Kaygılarınızın, korkularınızın, endişelerinizin günlük işleyişinize engel olması, bozması ve sürdürmenize mani olması durumu. 6 ay devam ediyorsa bu hastalıktan bahsederiz. İşlerinize yoğunlaşmakta zorluk çekersiniz. En kötüsü olacak, başıma gelecek düşünceleri hakimdir. Endişeleriniz yersizdir, bilirsiniz ki rasyonel değillerdir fakat engel olamazsınız.

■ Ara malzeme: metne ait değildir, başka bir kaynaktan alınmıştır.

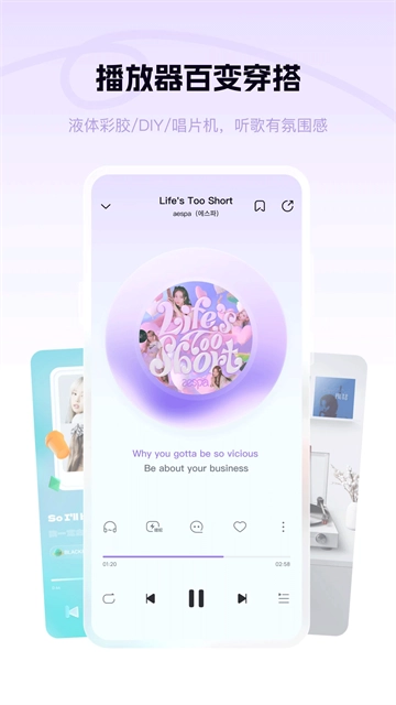 简约风格的旋转封面、支持个性化定制的创意“DIY模式”、兼具文学感与新意的“歌词字母”,还有沉浸式的“歌手照片”——总有一款风格契合您的审美偏好!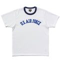 The MILITARY TEE / U.S. AIR FORCE is inspired by ringer tees of the 1970s and has been made from 100% 8oz cotton and constructed from cotton sewing thread. The U.S. AIR FORCE motif at the front has been applied using flock, a popular method of printing throughout the 1960s and 70s.

OBSESİF KOMPULSİF BOZUKLUK

Nam-ı diğer OKB. Takıntı – Zorlantı Bozukluğu. Düşünceleriniz akıl dışıdır fakat sürekli akla gelir ve durduramazsınız. Temizlik, cinsellik ve din başta gelen başlıklardan. Bu düşünceleri belli ritüellerle gerçekleştirerek rahatlama yoluna gidilir. Bunlara zorlantı (kompulsivite) denir. Kapınızı kilitleyip kilitlemediğinizi bir kez hadi iki kez olsun kontrol etmek yerine 13 kez kontrol ediyorsanız OKB’yi söz konusu edebiliriz. Bu tür tekrarlayıcı davranışlar günlük işleyişinizi aksatmanıza sebebiyet verebilir.

PANİK BOZUKLUK

Her birey hayatında hemen hemen en az 1-2 defa panik yaşamıştır; Türbülansa giren uçakta, sunum yapmadan önce ya da karşı cinsle ilk flört deneyiminde. Herkeste belirtiler farklı olmakla beraber felç olmuş hissi, terleme, artan fiziksel hisler… Panik atak ve panik bozukluk ise farklı bir şekil alırlar birçok fiziksel semptomu barındırır ve 10 dakikada pik yapmakla beraber 30 dk – 1 saate kadar uzama durumları olabiliyor.

SOSYAL ANKSİYETE (SOSYAL FOBİ)

Toplantılardan önce, önemli görüşmelerde, kalabalık önünde konuşmaktan çekinmek belki bir miktar utanmak-kaygılanmak normal karşılanabilir fakat dozu yüksek olduğu zaman sosyal fobi baş göstermiş olur. Sosyal fobisi olan bireyler, bu kaygıyı aşırı ve genelleyerek yaşama eğilimindedirler.
Özellikle başkaları tarafından yargılanma, alay edilme, dışlanma, reddedilme gibi durumlarla karşılaşacaklarını düşündükleri için ya hiç girişimde bulunmazlar ya da büyük kaygılarla – zoraki şekilde adım atarlar. Sosyal anksiyete bozukluğunda durum en az 6 ay sürer.

Yazımızı burada sonlandırıyoruz, eğer anksiyeteden muzdaripsen, daha fazla problemlere ve hayatı zorlaştırıcı etkilerine maruz kalmak istemiyor ve daha kaliteli bir hayat sürmek istiyorsan psikolojik destek almanı öneririz. İnternette konuyla ilgili birçok video ve bilgilendirici materyal mevcut. Fakat şunu söylemek gerekir ki, her bireyin korkuları, çekinceleri, yaşanmışlıkları, deneyimleri farklı. Birisi için işe yarayan bir yöntem/teknik başkası için faydalı olmayabiliyor. Destek almak her zaman için bu rahatsızlığa sahip insanlar için önemli yer tutuyor.